_Aim of the exercise_
Every line from the one containing "Šatní skříň 120" through the end of the listing below must be given again exactly, and nothing else; exclude pictures.

_Data provided_
──────

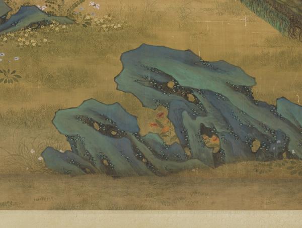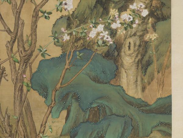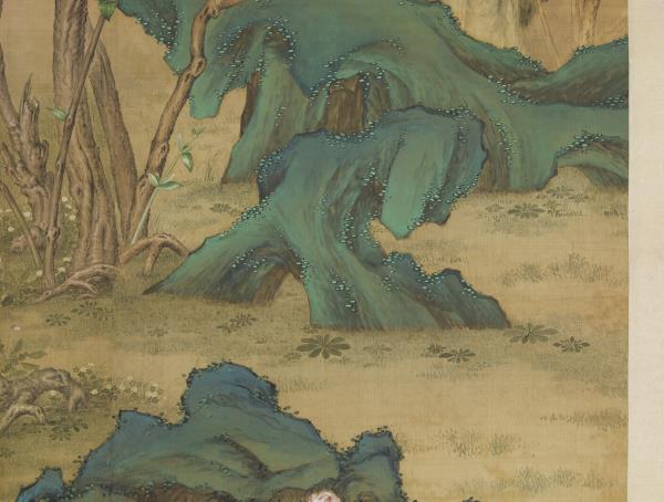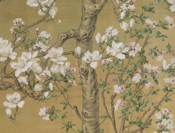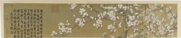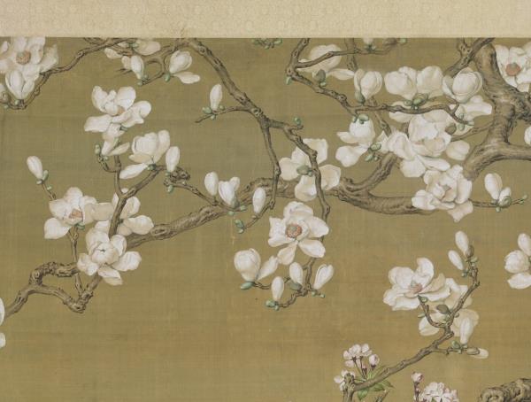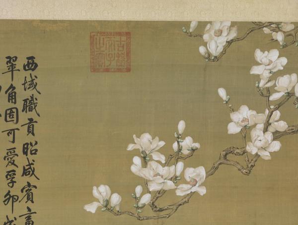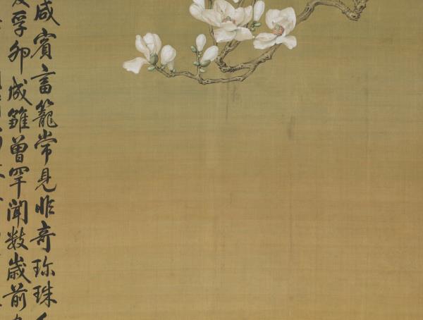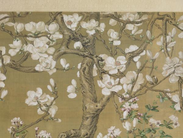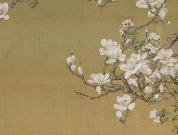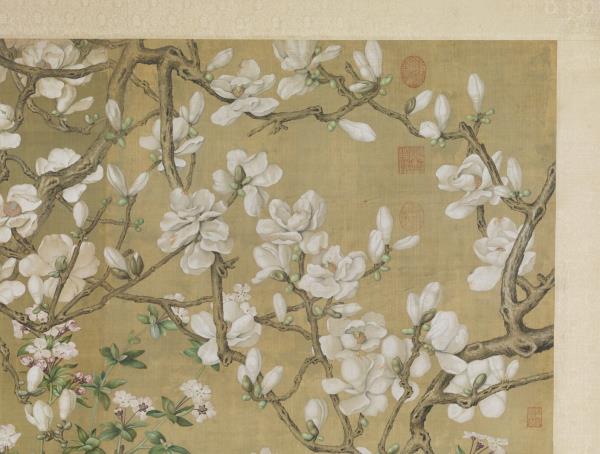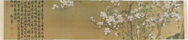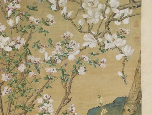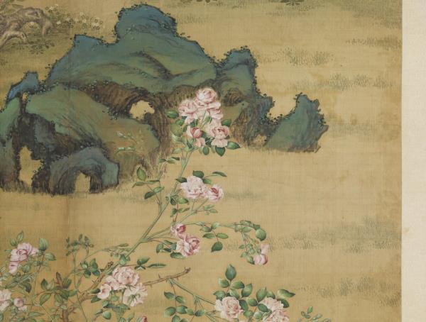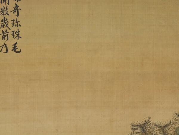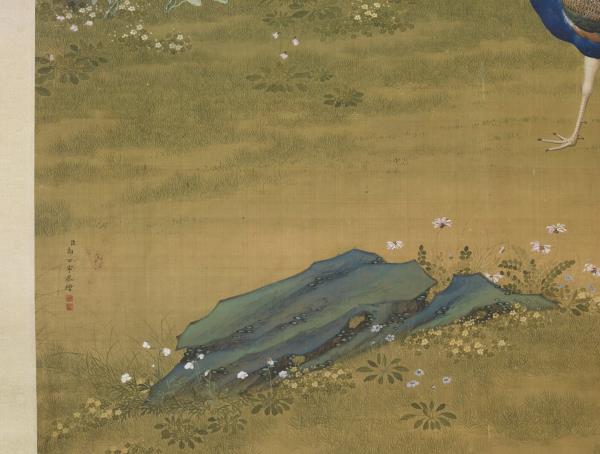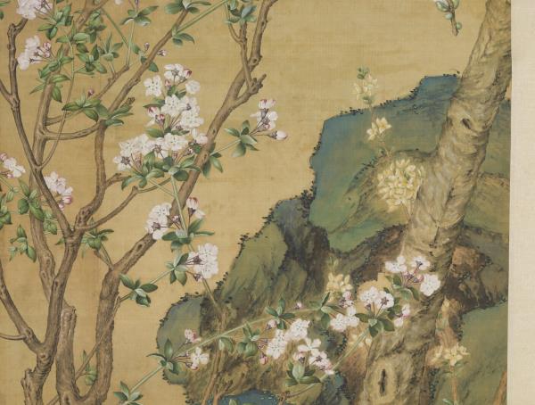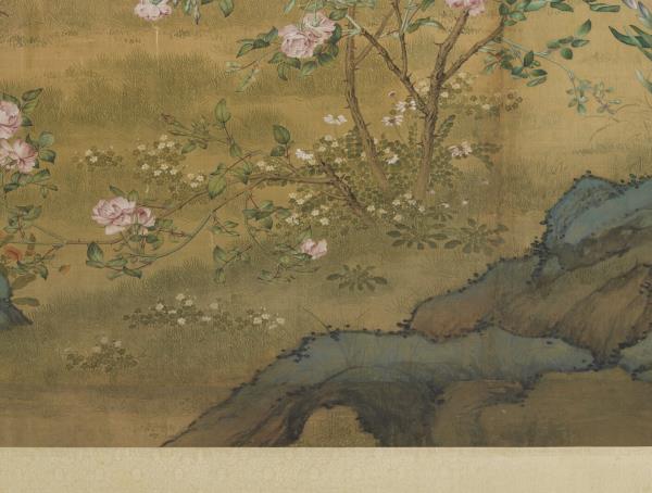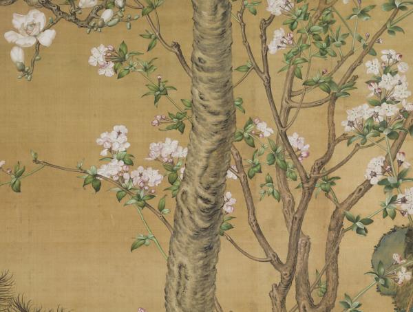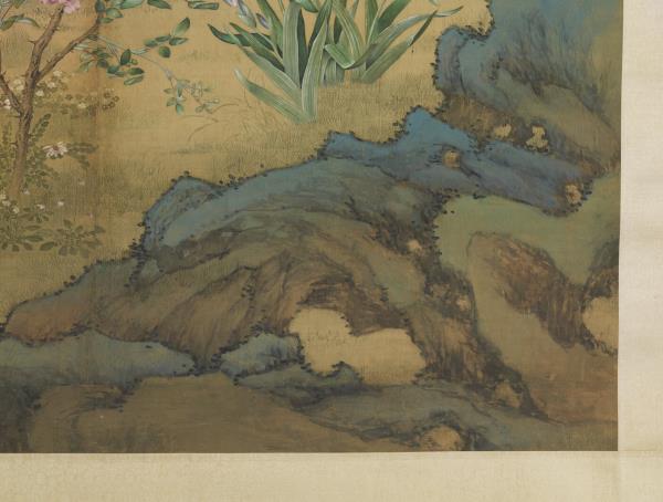 Description Lang Shih-ning was the Chinese name of the Italian Giuseppe Castiglione. At the age of 19, he became a Jesuit novitiate and studied painting and architecture. He arrived in China when he was 27 and eventually came to serve under three emperors at court. He excelled at painting figures, dogs, horses, and birds-and-flowers. This work is a depiction of peacocks roaming about a garden. Done on a huge hanging scroll, it is indeed impressive in both size and content. In addition to the traditional Chinese technique of “outlines filled with colors”, in which opulent colors are used, Castiglione also employed Western techniques of shading and modeling. This gives the work both a decorative and a realistic touch.
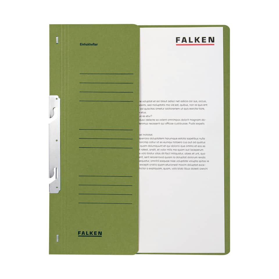 Einhakhefter A4 1/2 Vorderdeckel. Art der Heftung: kaufmännische Heftung. Ausstattung: halb, Abheftvorrichtung vorhanden, Organisationsaufdruck vorhanden. Werkstoff: Manilakarton. Papiergewicht bzw Stärke: 250 g/qm. Verwendung für Papierformate: A4. Größe (B x H): 240 x 305 mm. Farbe: Grün. Blauer Engel.
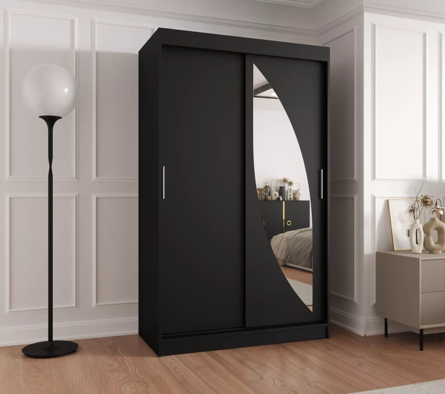 Šatní skříň 120 cm SUDENA s posuvnými dveřmi - černá
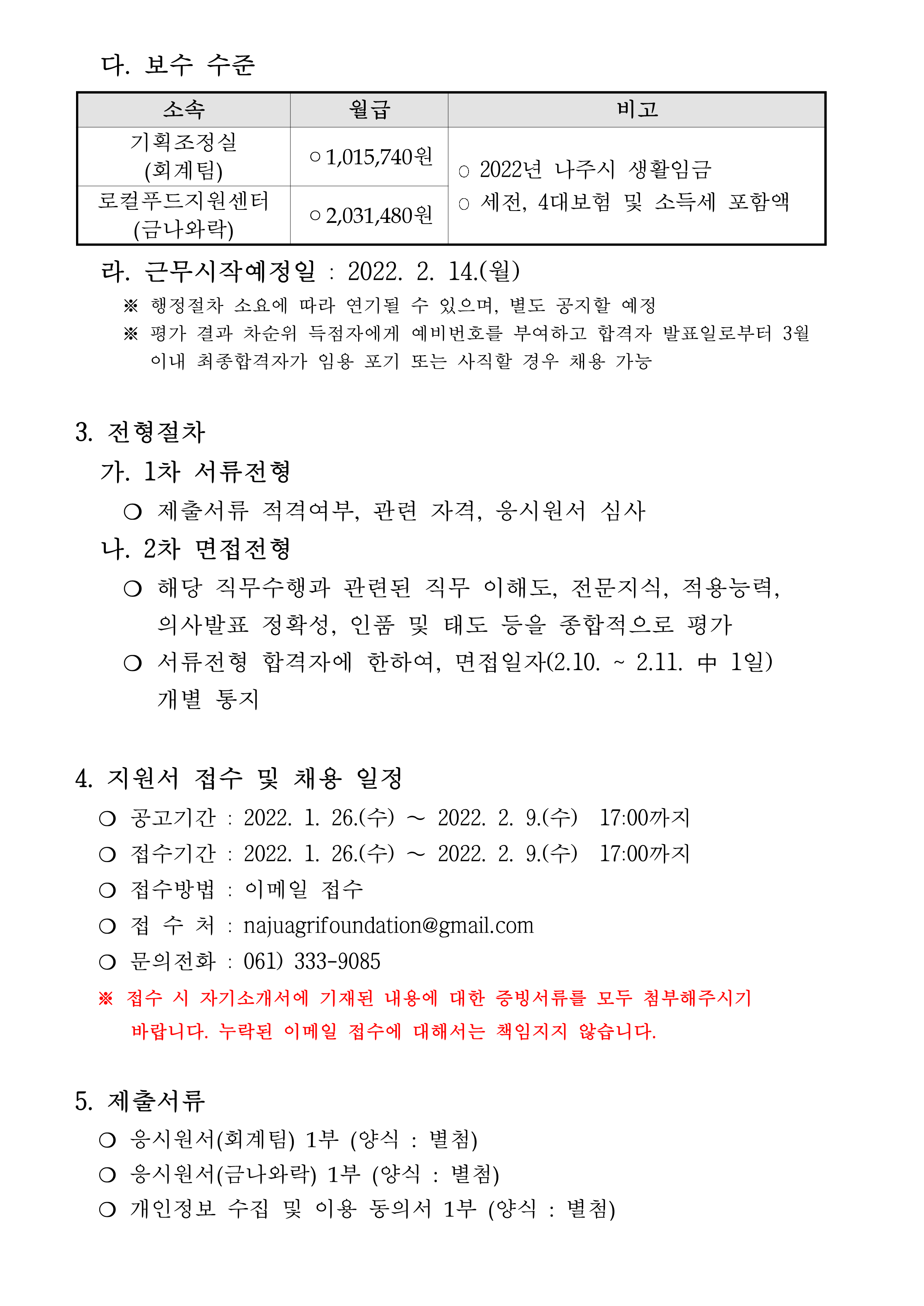 나주농업진흥재단 회계팀, 금나와락 기간제근로자 채용 공고 2022.01.26 11:21 File 회계팀 채용(응시원서).hwp (17 KB) 금나와락 채용(응시원서).hwp (17 KB) 다음글 : 나주농업진흥재단 농민가공팀 신규 직원 채용 인적성 검사·면접시험 대상자 및 일정 공고 이전글 : 나주농업진흥재단 농촌협약지원팀 신규 직원 채용 최종 합격자 공고

──────

_Response to the exercise_
 Šatní skříň 120 cm SUDENA s posuvnými dveřmi - černá
 나주농업진흥재단 회계팀, 금나와락 기간제근로자 채용 공고 2022.01.26 11:21 File 회계팀 채용(응시원서).hwp (17 KB) 금나와락 채용(응시원서).hwp (17 KB) 다음글 : 나주농업진흥재단 농민가공팀 신규 직원 채용 인적성 검사·면접시험 대상자 및 일정 공고 이전글 : 나주농업진흥재단 농촌협약지원팀 신규 직원 채용 최종 합격자 공고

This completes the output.